Records from a data source:
□ □ □ □ □ □ □
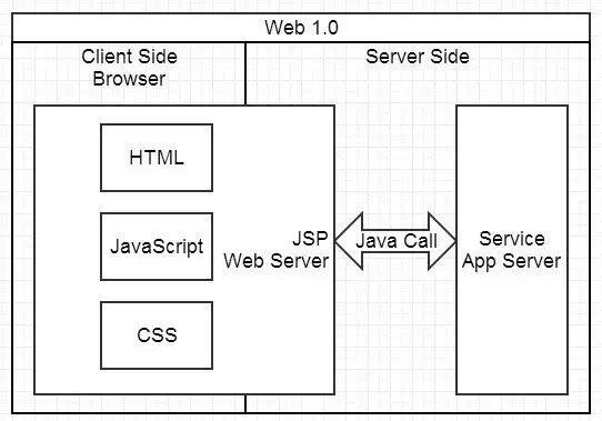 可称之为 Web 1.0 时代,非常适合创业型小项目,不分前后端,经常 3-5 人搞定所有开发。页面由 JSP、PHP 等工程师在服务端生成,浏览器负责展现。基本上是服务端给什么浏览器就展现什么,展现的控制在 Web Server 层。
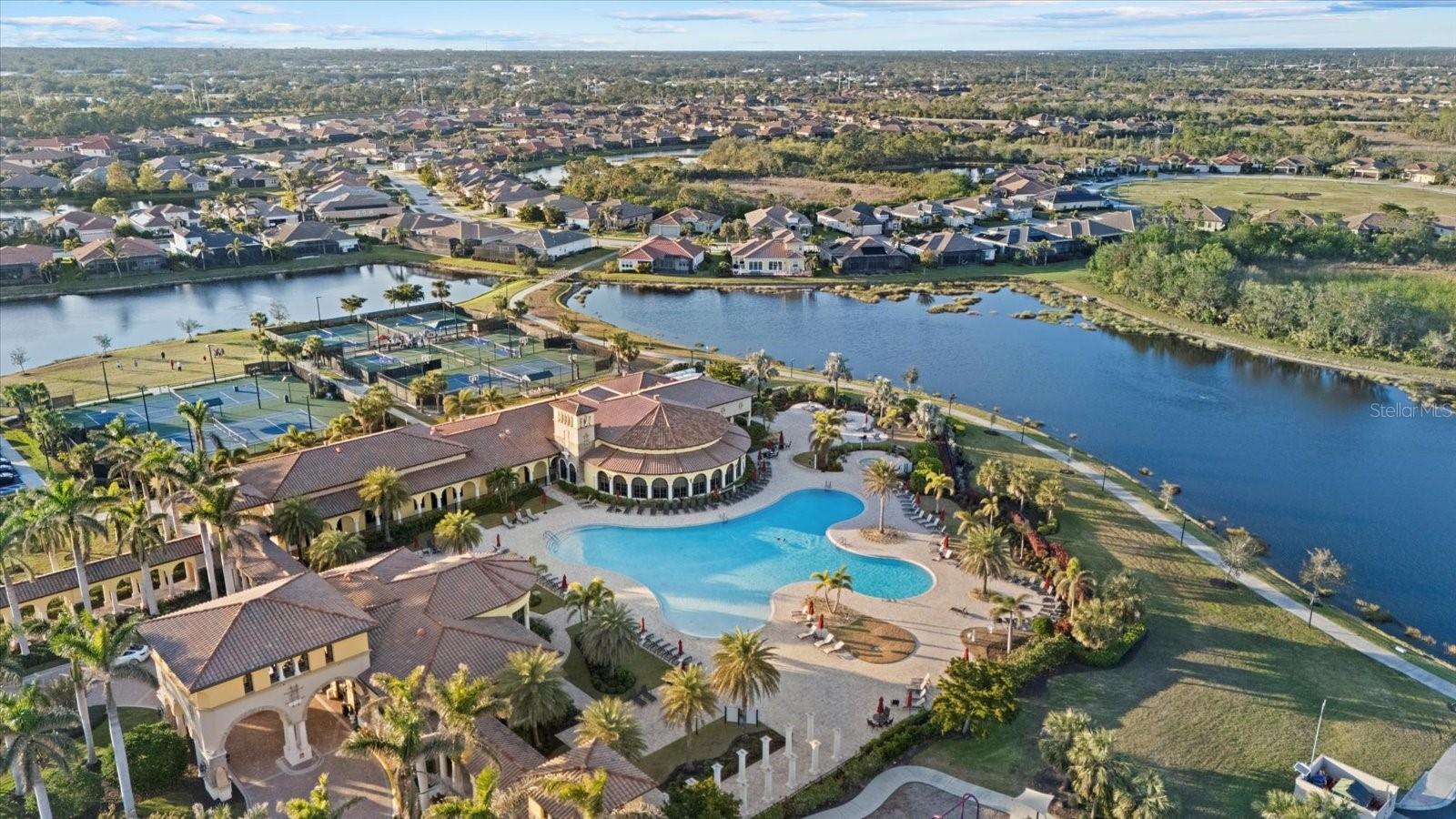 One or more photo(s) has been virtually staged. WATERFRONT POOL HOME IN GRAN PARADISO! PRICED FOR QUICK SALE Welcome to your stunning 4-bedroom, 3-bathroom Trevi model offering over 2,000 sq.ft. of elegant living space built in 2017. Located in the highly desirable gated community of Gran Paradiso in Wellen Park, Venice, Florida, this home features luxury upgrades, a private heated swimming pool, and tranquil waterfront preserve views--perfect for enjoying the Florida lifestyle year-round.Inside, discover granite and quartz countertops, an extended kitchen island, upgraded backsplash, wainscoting trim, custom window cornices, and beautiful tile flooring. The gourmet kitchen includes stainless steel appliances, a walk-in pantry, and bar seating ideal for entertaining. The primary suite features custom his-and-her closets and a spa-style bath with garden tub and glass shower.Step outside to your private lanai oasis with Italian travertine pavers, therapy jet pool, custom lighting. Custom designed lanai enclosure engineered for strength, durability, and unobstructed views. The structure features oversized 8" x 8" x 40' overhead beams spanning the pool area, with a single continuous beam positioned to preserve uninterrupted pond views. Surrounding the lanai are substantial 6" x 6" columns, internally reinforced with steel cabling for added stability. The entire enclosure is engineered to withstand a Category 5 hurricane, offering exceptional peace of mind along with striking architectural appeal.The 2-car garage offers epoxy floors, built-in cabinets, ceiling racks, and attic storage. Additional features include accordion hurricane shutters, new water heater (2024), and whole-home surge protection.Gran Paradiso provides resort-style amenities--clubhouse, fitness center, sauna, tennis, pickleball, and a lagoon-style pool. Just minutes to Wellen Park, Braves Stadium, shopping, dining, golf, and Gulf Coast beaches.Schedule your private showing today and experience luxury Florida Gulf Coast living at its finest!
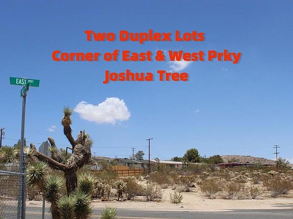 E. PARKWAY & W. PARKWAY, JOSHUA TREE: $38,000.00 Duplex lot 7200 sq ft. also available is multi-family lot next to this lot. Walking distance to down town Joshua Tree. This multi family lot is flat and ready to build. The electric and water are to the lot. Paved road with street lights. Lovely mountain views from the lot. Irregular dimensions. Owner will carry 1st trust deed of $30,400.00 with 20% down 7,600.00. @ 7% interest amortized over 5 years payable $601.96 month +$15.00 monthly loan service fee. Directions:From Hwy 62 go North on Park Blvd. to corner of E. Parkway and W. Parkway. 2nd lot from corner. APN#0603-243-08-0000.
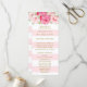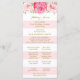 Programa personalizado de casamento em uma pasta clara, cor-de-rosa, e um padrão de listras brancas com flores rosa-d'água. Personalize esta ordem de cartões de cerimônia com o seu próprio texto.
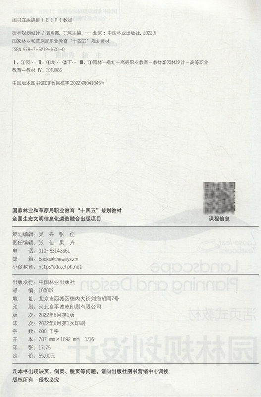 袁明霞 教材国家林业和草原局职业教育十四五规划教材 丁琼 1601 社 园林规划设计 中国林业出版 活页式
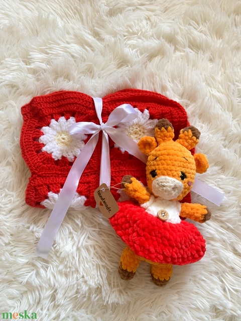 Horgolt baba csomag zsiráf plüssel és virágos pléddel
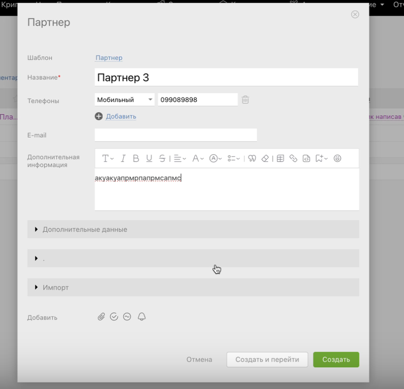 Менеджер создает партнёра через кнопку «+ Партнёр», заполняет основные поля (имя, номер телефона, email, Telegram, WhatsApp и т.д.) и нажимает «Создать и перейти».
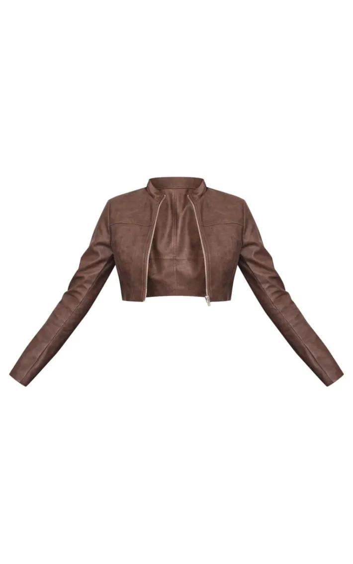 You need this brown faux leather panel details biker jacket. Brought to you in a brown faux leather material with a panel detailing you are sure to turn heads for all the right reasons in this unreal jacket. Team effortlessly with a mini skirt and a pair of knee high chunky boots for a fool proof finish everyone is obsessing over.
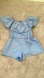 Stylish light blue jumpsuit with ruffled neckline. Features a matching belt for a chic look.
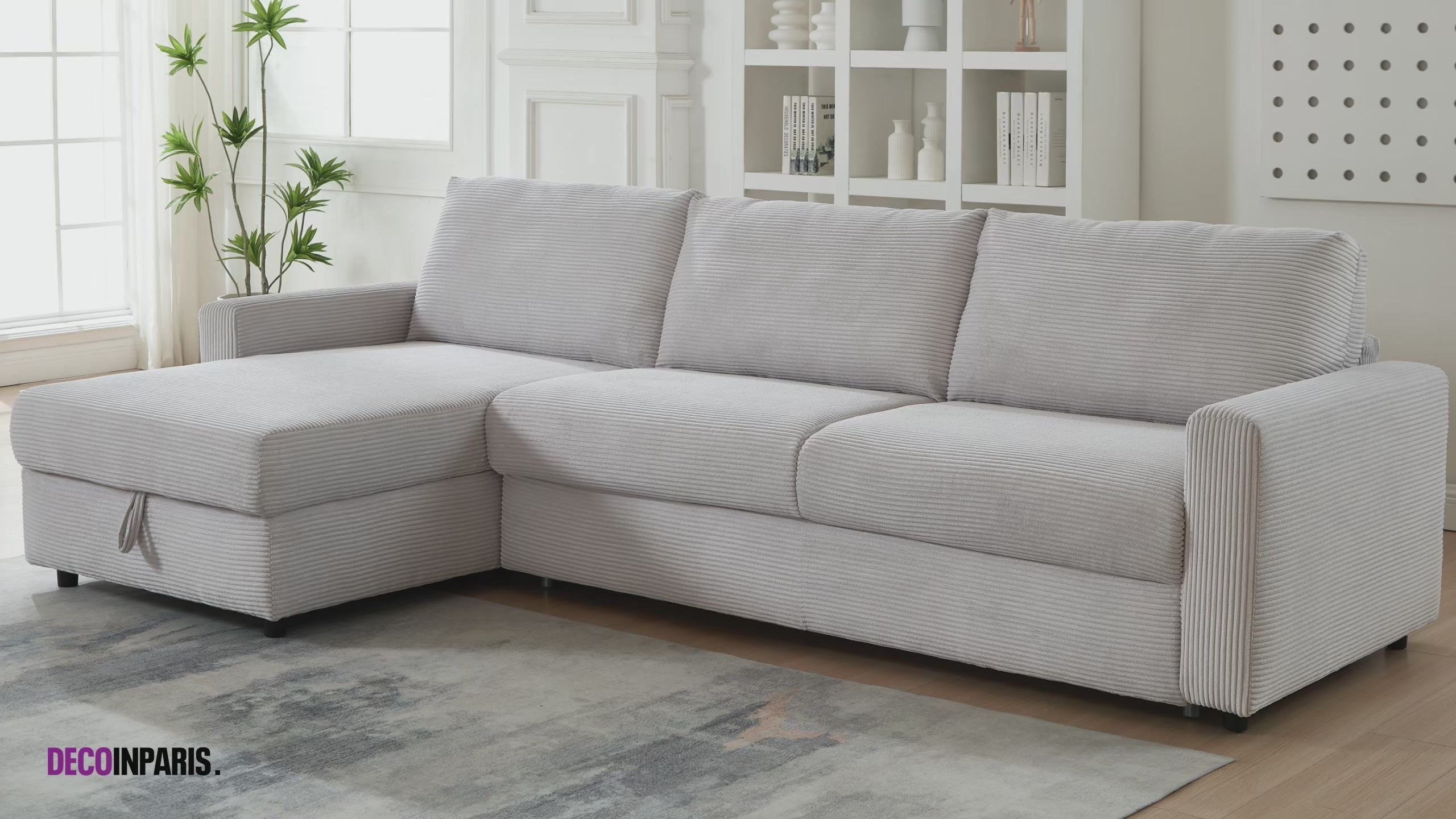 Grazie al suo angolo reversibile, puoi posizionare la chaise longue a sinistra o a destra a seconda della tua stanza, un vero vantaggio per adattarsi a tutti gli spazi.
□ □ □ □ □ □ □
Only the words belong in your copy: restate the data above exactly and leave the images out.

 可称之为 Web 1.0 时代,非常适合创业型小项目,不分前后端,经常 3-5 人搞定所有开发。页面由 JSP、PHP 等工程师在服务端生成,浏览器负责展现。基本上是服务端给什么浏览器就展现什么,展现的控制在 Web Server 层。
 One or more photo(s) has been virtually staged. WATERFRONT POOL HOME IN GRAN PARADISO! PRICED FOR QUICK SALE Welcome to your stunning 4-bedroom, 3-bathroom Trevi model offering over 2,000 sq.ft. of elegant living space built in 2017. Located in the highly desirable gated community of Gran Paradiso in Wellen Park, Venice, Florida, this home features luxury upgrades, a private heated swimming pool, and tranquil waterfront preserve views--perfect for enjoying the Florida lifestyle year-round.Inside, discover granite and quartz countertops, an extended kitchen island, upgraded backsplash, wainscoting trim, custom window cornices, and beautiful tile flooring. The gourmet kitchen includes stainless steel appliances, a walk-in pantry, and bar seating ideal for entertaining. The primary suite features custom his-and-her closets and a spa-style bath with garden tub and glass shower.Step outside to your private lanai oasis with Italian travertine pavers, therapy jet pool, custom lighting. Custom designed lanai enclosure engineered for strength, durability, and unobstructed views. The structure features oversized 8" x 8" x 40' overhead beams spanning the pool area, with a single continuous beam positioned to preserve uninterrupted pond views. Surrounding the lanai are substantial 6" x 6" columns, internally reinforced with steel cabling for added stability. The entire enclosure is engineered to withstand a Category 5 hurricane, offering exceptional peace of mind along with striking architectural appeal.The 2-car garage offers epoxy floors, built-in cabinets, ceiling racks, and attic storage. Additional features include accordion hurricane shutters, new water heater (2024), and whole-home surge protection.Gran Paradiso provides resort-style amenities--clubhouse, fitness center, sauna, tennis, pickleball, and a lagoon-style pool. Just minutes to Wellen Park, Braves Stadium, shopping, dining, golf, and Gulf Coast beaches.Schedule your private showing today and experience luxury Florida Gulf Coast living at its finest!
 E. PARKWAY & W. PARKWAY, JOSHUA TREE: $38,000.00 Duplex lot 7200 sq ft. also available is multi-family lot next to this lot. Walking distance to down town Joshua Tree. This multi family lot is flat and ready to build. The electric and water are to the lot. Paved road with street lights. Lovely mountain views from the lot. Irregular dimensions. Owner will carry 1st trust deed of $30,400.00 with 20% down 7,600.00. @ 7% interest amortized over 5 years payable $601.96 month +$15.00 monthly loan service fee. Directions:From Hwy 62 go North on Park Blvd. to corner of E. Parkway and W. Parkway. 2nd lot from corner. APN#0603-243-08-0000.
 Programa personalizado de casamento em uma pasta clara, cor-de-rosa, e um padrão de listras brancas com flores rosa-d'água. Personalize esta ordem de cartões de cerimônia com o seu próprio texto.
 袁明霞 教材国家林业和草原局职业教育十四五规划教材 丁琼 1601 社 园林规划设计 中国林业出版 活页式
 Horgolt baba csomag zsiráf plüssel és virágos pléddel
 Менеджер создает партнёра через кнопку «+ Партнёр», заполняет основные поля (имя, номер телефона, email, Telegram, WhatsApp и т.д.) и нажимает «Создать и перейти».
 You need this brown faux leather panel details biker jacket. Brought to you in a brown faux leather material with a panel detailing you are sure to turn heads for all the right reasons in this unreal jacket. Team effortlessly with a mini skirt and a pair of knee high chunky boots for a fool proof finish everyone is obsessing over.
 Stylish light blue jumpsuit with ruffled neckline. Features a matching belt for a chic look.
 Grazie al suo angolo reversibile, puoi posizionare la chaise longue a sinistra o a destra a seconda della tua stanza, un vero vantaggio per adattarsi a tutti gli spazi.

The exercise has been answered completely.